Carolina Biological Supply Company
How did life begin?
Was life and accident?
How did the first cell form and how did it evolve to cover the earth with teaming life?
These are some of the questions probed by Nobel laureate Christian de Duve.
In the beginning was a churning, volatile earth. From the few molecules arose the dazzling structures of life. After millenia of wonder it is now possible to read the blueprint that caused life to emerge.
Dr. Christian de Duve draws upon his vast knowledge of biochemistry and cell and molecular biology to provide a critical summary of current theories and speculations on the origin of life. He also presents in compelling fashion his own insights and theories, which represent a powerful, original contribution to this fascinating field of study. Blueprint for a Cell is the most up-to-date and comprehensive account available on the nature and origin of life.

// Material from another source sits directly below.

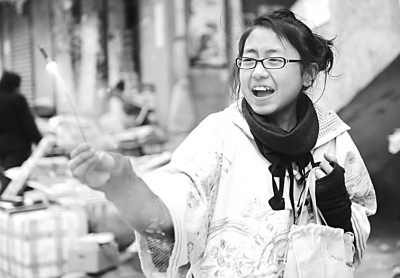 2月2日,舟曲街上的小女孩在放烟火。光明网记者 杨慧峰摄

Dr. de Duve begins by defining the basic characteristics of life (the “blueprint”) and explains clearly and concisely the fundamental chemical strategies that allow cells to live. Next he tracks the evolutionary stages in the development of cells, revealing his personal view of the very first cell, the precursor to all life on earth. He then goes back to prebiotic time and, knowing what is to come, traces the chemical and environmental processes that lead to the origin of life and, eventually, to the first cell.

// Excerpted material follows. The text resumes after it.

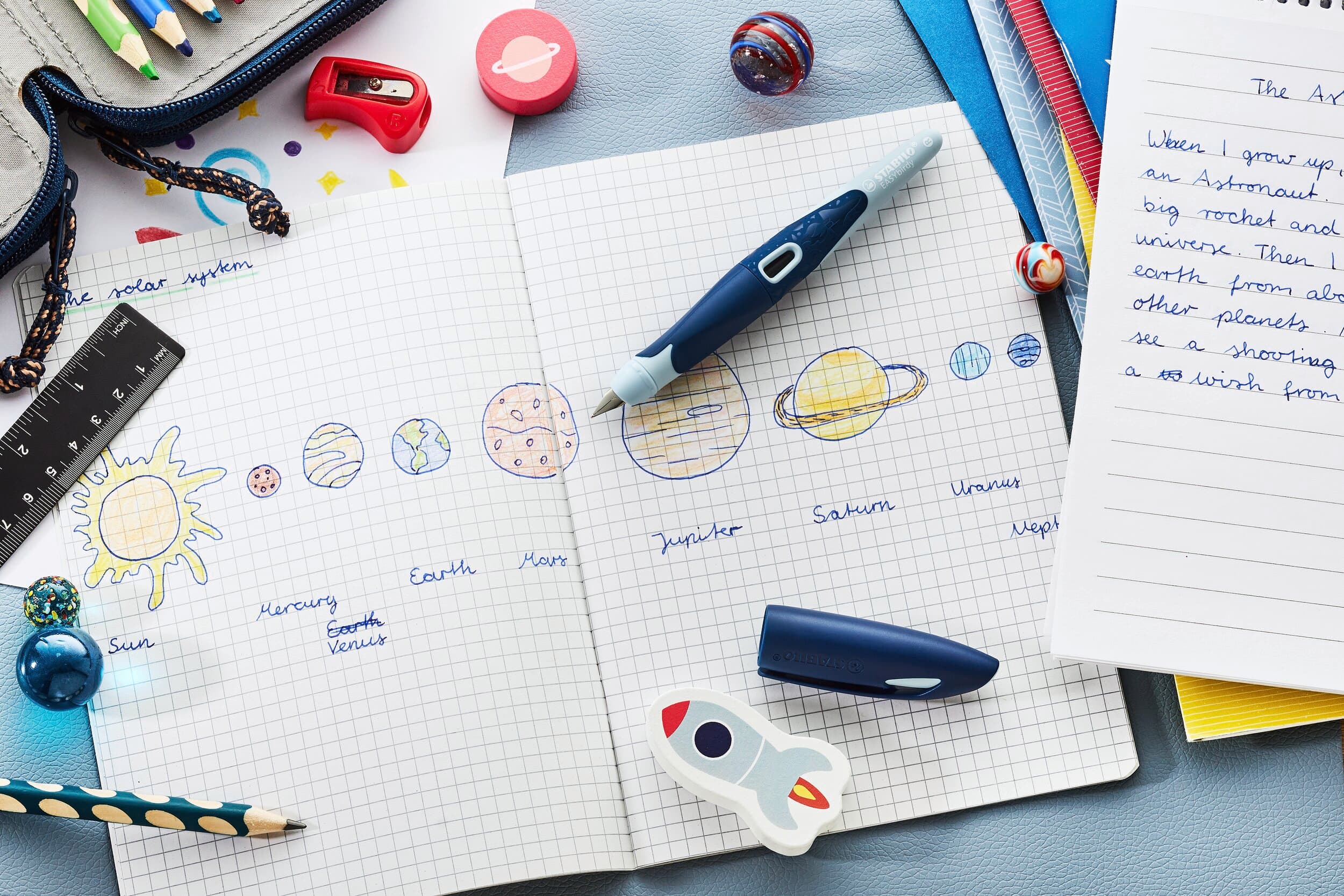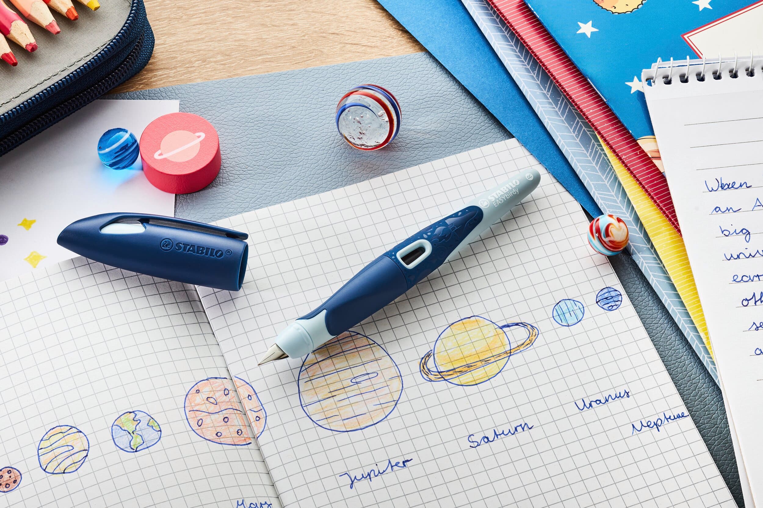 Die STABILO EASYbirdy 3D DreamWorld Special Edition erweitert das STABILO EASYbirdy Sortiment um zwei Farben und Designs! Auf der Softtouch-Oberfläche des Stiftes sind Motive zu den Themen Feenwelt und Weltall eingraviert, die beim Darüberstreichen spürbar sind.

Christian de Duve shares his time between New York, where he is Andrew W. Mellon Professor emeritus at The Rockefeller University, and Brussels, where he is Professor emeritus at the Catholic University of Louvain and President of the International Institute of Cellular and Molecular Pathology. His research has centered on the separation and characterization of the different parts of living cells. He is known for the discovery of two cell organelles: the lysosomes, in which digestive processes take place, and the peroxisomes, which are sites of oxidative metabolism. His studies have yielded new insights into the cellular basis of many diseases.
He was awarded the Nobel Prize in Physiology or Medicine in 1974 (jointly with Albert Claude and George E. Palade) for “discoveries concerning the structural and functional organization of the cell.” In 1975, he was elected a foreign associate of the National Academy of Sciences.

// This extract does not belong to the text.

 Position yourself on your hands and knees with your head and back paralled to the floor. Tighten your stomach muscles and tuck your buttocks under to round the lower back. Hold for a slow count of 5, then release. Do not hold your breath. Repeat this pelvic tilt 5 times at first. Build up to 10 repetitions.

Dr. de Duve is a member of the Royal Academies of Medicine and of the Royal Academy of Sciences, Arts, and Literature of Belgium; the Pontifical Academy of Sciences; the American Academy of Arts and Sciences; the Academie des Sciences de Paris; Deutsche Akademie der Naturforscher Leopoldina; European Academy of Arts, Sciences, and Humanities; and the Academie des Sciences d’Athenes. He is a foreign member of the Royal Society (London), an honorary member of the British Biochemical Society, and a fellow of the American Association for the Advancement of Science.